- What is needed
Before copying, set the images aside; then transcribe every entry below exactly.

BEGIN Supplied material

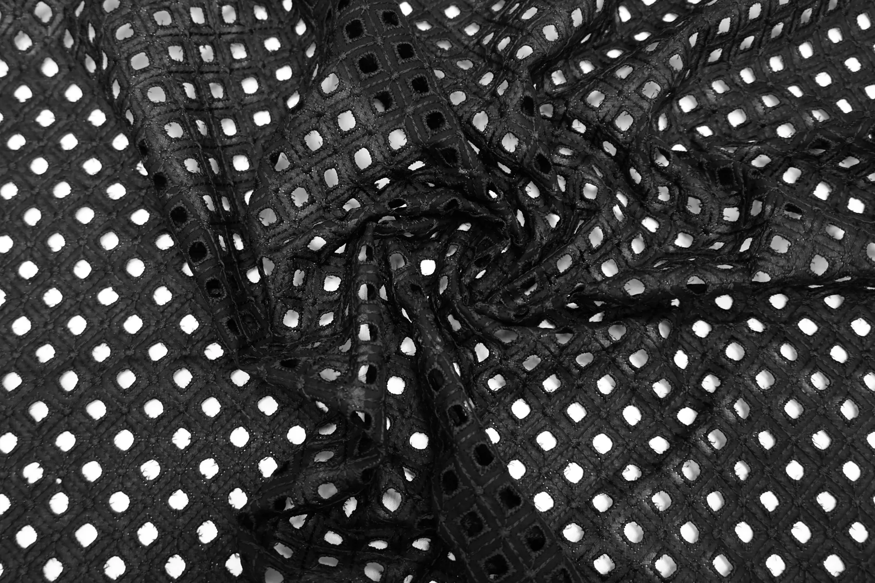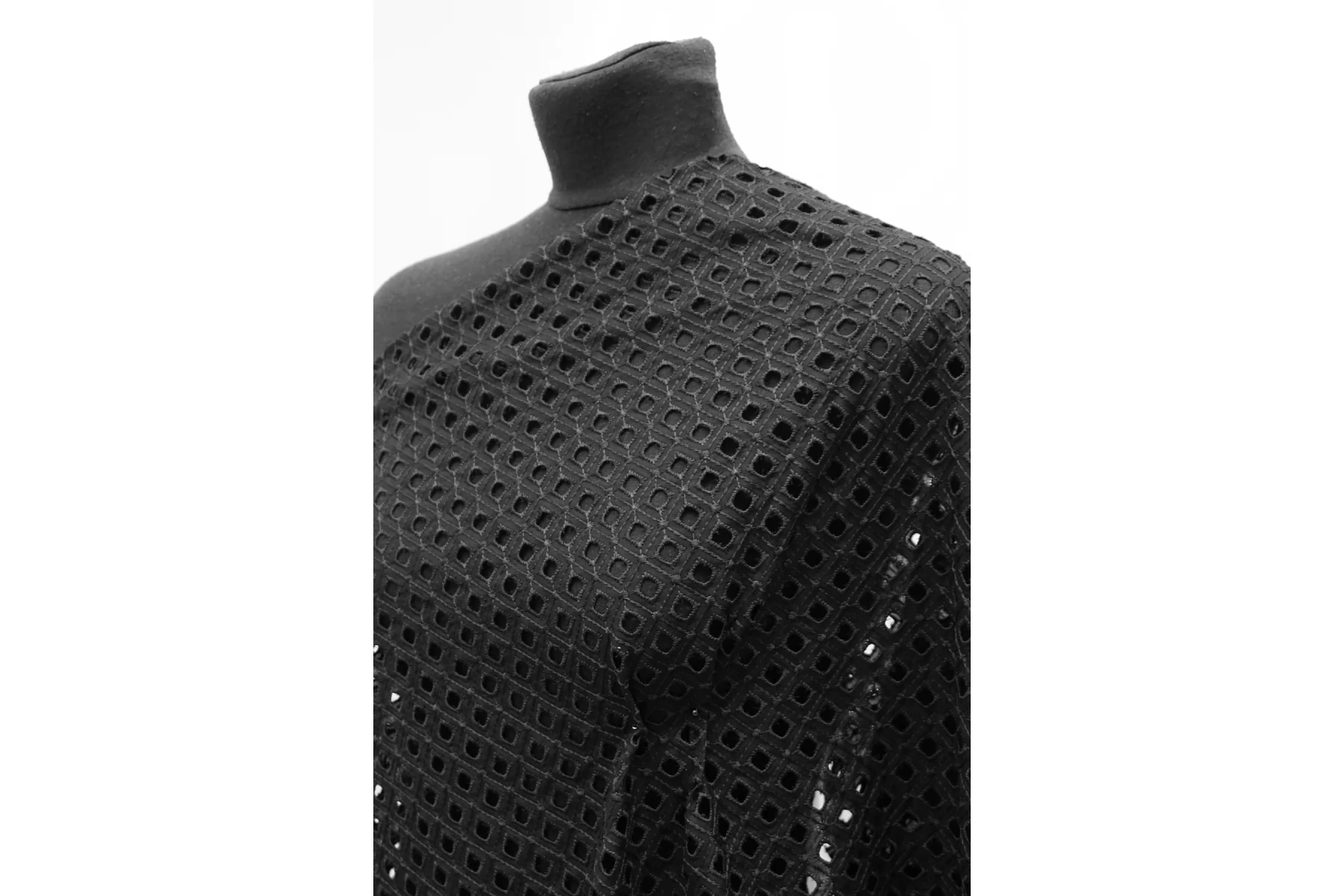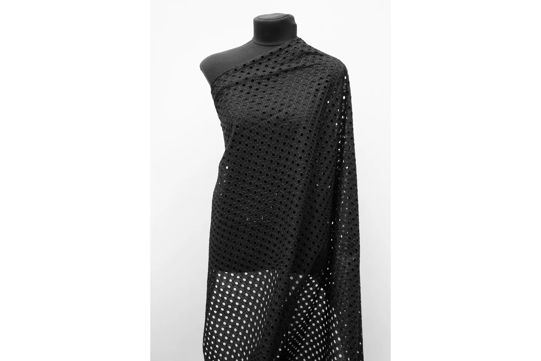 Красивое хлопковое шитье чёрного цвета от бренда Max Mara с геометрическим орнаментом. В основе ткани хлопок, вышивка синтетической нитью. Материал пластичный, но при этом держит форму. Просвечивает. Слегка мнется. Не тянется. Прекрасный вариант на платья, сарафаны, блузки и юбки. Для однослойных изделий при необходимости используйте подкладочный материал.
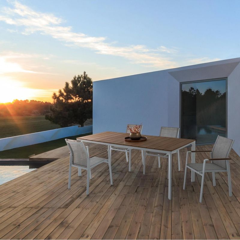Sedia Elias Bianco con inserti in legno Sedia Elias Bianco SJ60 Struttura in alluminio, verniciato a polvere (poliestere). braccioli con inserti in polywood. rivestimento seduta e schienale in textilene 2x1. impilabile Misure: 56.5a - 62b - 88h - 44.5h1 - 63h...Per saperne di più
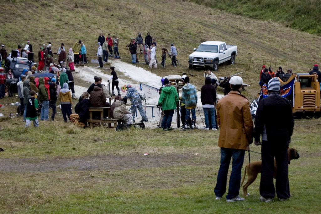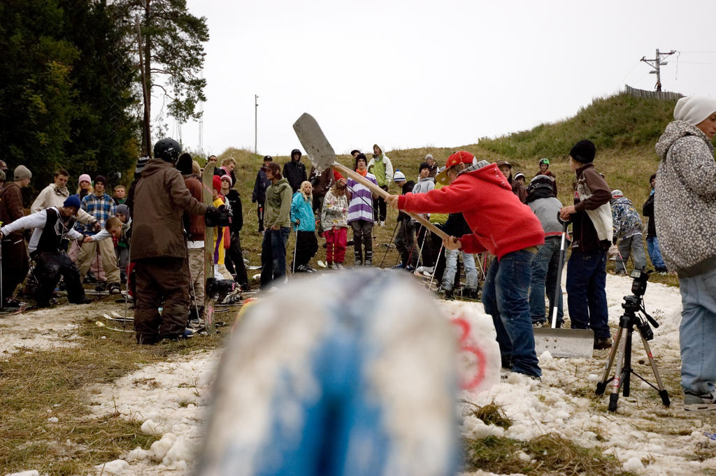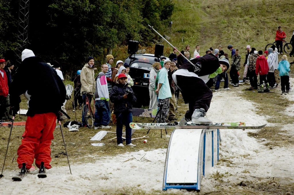 Jag är glad att jag slipper ge mig på railsen och drar med en sympatiserande rörelse min hand mot min mittenregion när jag ser ytterligare en åkare punga ett av railsen igen. Med huvudet före ner gyttjan och med kompisarna som ljuder ”aaaaaaohhhh” i kör skrattar han bara snabbt, borstar av sig och går upp igen. ”En minut kvar av tävlingen”, uppmanar speakern och de tappra åkarna beger sig uppåt en sista gång.
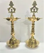 NAAYAGI - Traditional Brass Oil Lamp / Porai Kuthuvilakku , Porai vilakku, kumbakonam kuthuvilakku - PORAI VILAKKU small size - 30 cm high ( 12 inch ) high, set of 2 pieces
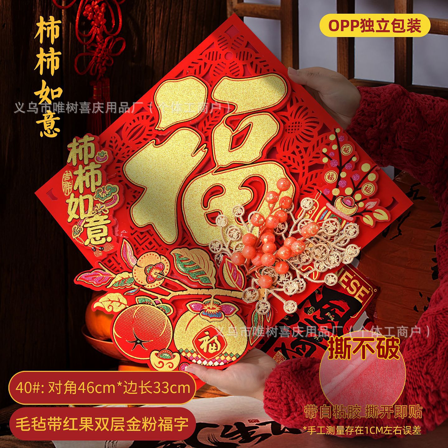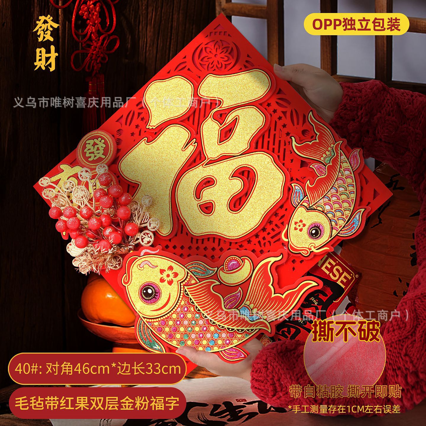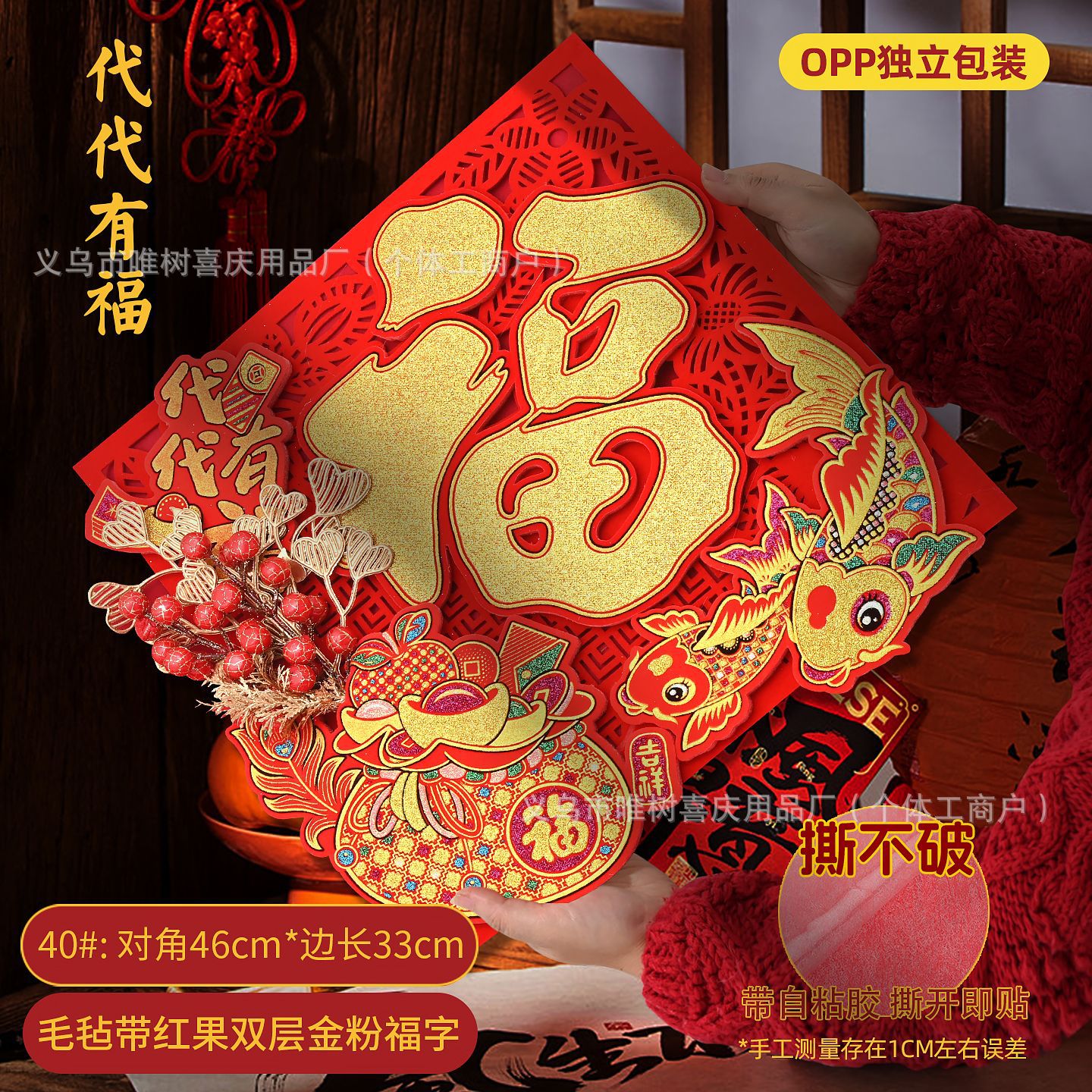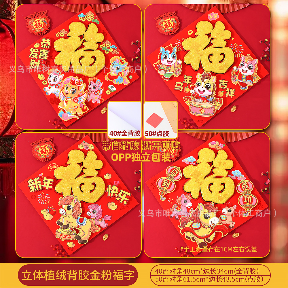 福字门贴2026马年植绒布立体生肖福字贴春节摆摊爆款年画批货厂家
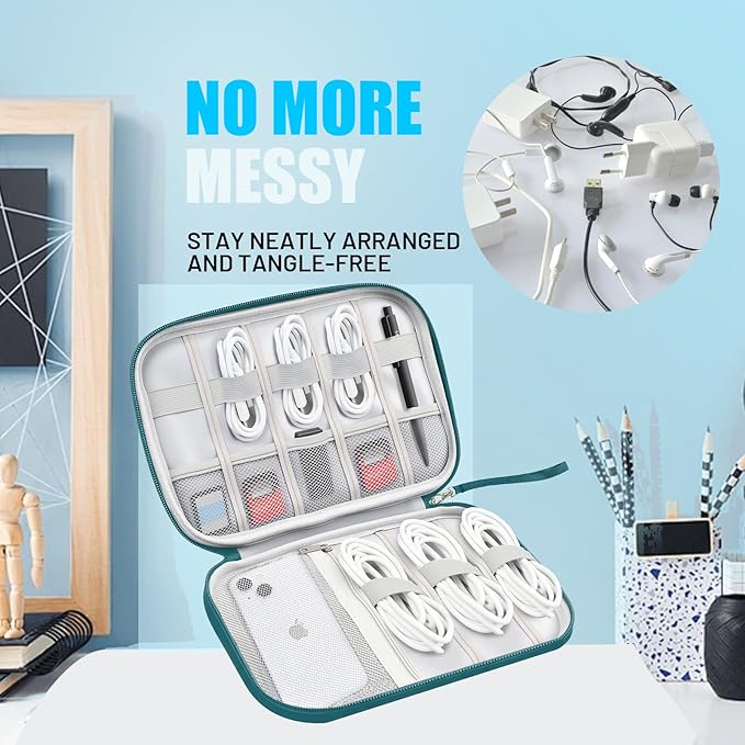 - 🚇Efficient Organization: Featuring a compartment design, our travel charger organizer allows you to efficiently store and access your travel accessories, including cords, chargers, and tech devices. The well-organized layout ensures that your electronics stay neatly arranged and tangle-free, making it easy to grab what you need on the go. It’s a great cable organizer and charger case all in one

END Supplied material

- Answer to this exercise
 Красивое хлопковое шитье чёрного цвета от бренда Max Mara с геометрическим орнаментом. В основе ткани хлопок, вышивка синтетической нитью. Материал пластичный, но при этом держит форму. Просвечивает. Слегка мнется. Не тянется. Прекрасный вариант на платья, сарафаны, блузки и юбки. Для однослойных изделий при необходимости используйте подкладочный материал.
Sedia Elias Bianco con inserti in legno Sedia Elias Bianco SJ60 Struttura in alluminio, verniciato a polvere (poliestere). braccioli con inserti in polywood. rivestimento seduta e schienale in textilene 2x1. impilabile Misure: 56.5a - 62b - 88h - 44.5h1 - 63h...Per saperne di più
 Jag är glad att jag slipper ge mig på railsen och drar med en sympatiserande rörelse min hand mot min mittenregion när jag ser ytterligare en åkare punga ett av railsen igen. Med huvudet före ner gyttjan och med kompisarna som ljuder ”aaaaaaohhhh” i kör skrattar han bara snabbt, borstar av sig och går upp igen. ”En minut kvar av tävlingen”, uppmanar speakern och de tappra åkarna beger sig uppåt en sista gång.
 NAAYAGI - Traditional Brass Oil Lamp / Porai Kuthuvilakku , Porai vilakku, kumbakonam kuthuvilakku - PORAI VILAKKU small size - 30 cm high ( 12 inch ) high, set of 2 pieces
 福字门贴2026马年植绒布立体生肖福字贴春节摆摊爆款年画批货厂家
 - 🚇Efficient Organization: Featuring a compartment design, our travel charger organizer allows you to efficiently store and access your travel accessories, including cords, chargers, and tech devices. The well-organized layout ensures that your electronics stay neatly arranged and tangle-free, making it easy to grab what you need on the go. It’s a great cable organizer and charger case all in one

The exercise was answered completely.